Project proposals: Your proposal should be 2-3 pages, and it should introduce the problem you are trying to solve, the approach you will take, and also address the following questions:

What are some impacts of this research?
What is novel about the approach you are taking?
How do learning and/or probabilistic inference techniques play a key role?
What is your metric for success?
What are key technical issues you will have to confront? Are there any other big challenges?
What software or datasets will you use?
What is your timeline? Include specific targets for the progress report.

Note on current research: You may use your current research as a course project, as long as you explore a new area of the problem, and you cannot use previous results. Your proposal should clearly state what novel part you will be tackling in your course project.

Final presentations: You’ll present your findings to the class at the end of the semester. This will be a presentation:

No more than 5 minutes! There will be a hard cutoff.
No more than 5 slides, exluding title slide.
Every group member must speak.
You must send me a copy of the slides in advance (10am on Tuesday).
Don't "decorate" your slides with equations. If there is an equation, I expect you to explain every variable.
Don't read your slides / show lots of text. Slides should contain brief, salient points.

Final Report: The final report will consist of one deliverable:

Written report: This is the detailed report of your approach and findings. You should re-state the problem you are solving and your approach, and summarize your results. The report should be no longer than a NeurIPS paper in size (8 pages including figures and tables), but a shorter and more concrete report is preferred.

Sample Projects: You should connect RL to your own research, if possible. If you don't want to do that or the connection is hard to make, here are some examples of projects that might be appropriate. These are just suggestions!

Train autonomous cars to navigate in CARLA
Learn how to race in Open-Ai gym with deep Q-learning
Imitation learning for aerial vehicle control
Train a starcraft II agent to win a minigame
Train a reactive controller to avoid obstacles in FlightGoggles
Consider how to safely explore in RL
Control a MuSHR car with MPC
Show how curriculum learning can help with difficult games

Example Environments:

Here are some enviornments that you can use for training an RL agent.
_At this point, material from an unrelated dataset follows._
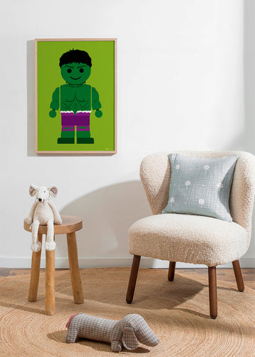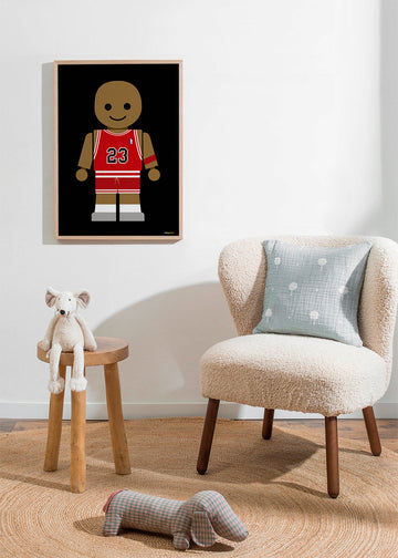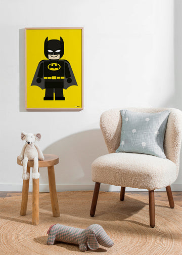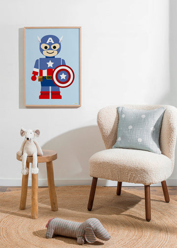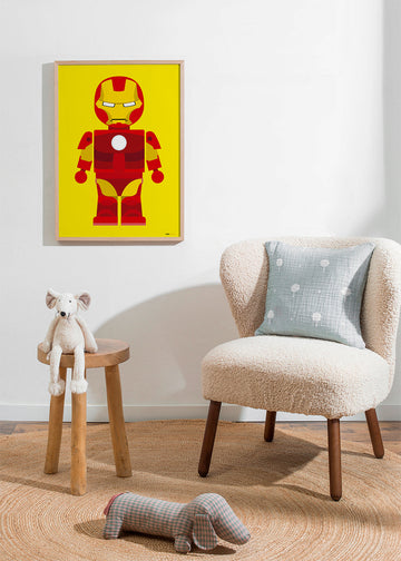 Jolie pièce du style de nos tableaux super-héros, de l'artiste Rafa Gomes, avec des touches rouges, et dans une orientation vers un portrait. Cette œuvre est idéale pour une pièce décorée avec des tableaux d'enfants . Art pur et design.

You are by no means required to use any of these simulation environments. If you find other environments, feel free to share them on Piazza.

AirSim: https://github.com/Microsoft/AirSim
CARLA Autonomous Driving Simulator: http://carla.org/
FlighGoggles: https://flightgoggles.mit.edu/
OpenAI Gym: https://gym.openai.com/
OpenAI Universe: https://universe.openai.com/
Deepmind Lab: https://deepmind.com/blog/article/open-sourcing-deepmind-lab
Deepmind Control: https://github.com/deepmind/dm_control
Starcraft II Learning Environment: https://github.com/deepmind/pysc2
Project Malmo: https://www.microsoft.com/en-us/research/project/project-malmo/
VizDoom: http://vizdoom.cs.put.edu.pl/
PyRobot: https://pyrobot.org/
The Retro Learning Environment: https://github.com/nadavbh12/Retro-Learning-Environment
UETorch: https://github.com/facebookarchive/UETorch
MAgent: https://github.com/geek-ai/MAgent
The Roboterrium: https://www.robotarium.gatech.edu/
ML Agent Toolkit: https://github.com/Unity-Technologies/ml-agents
Bullet Physics https://pybullet.org/wordpress/

Acknowledgements

Assignments, lectures, and ideas on this syllabus are partially adapted from Drew Bagnell's course at Carnegie Mellon University. I would like to thank Drew for helpful discussions and access to his course materials.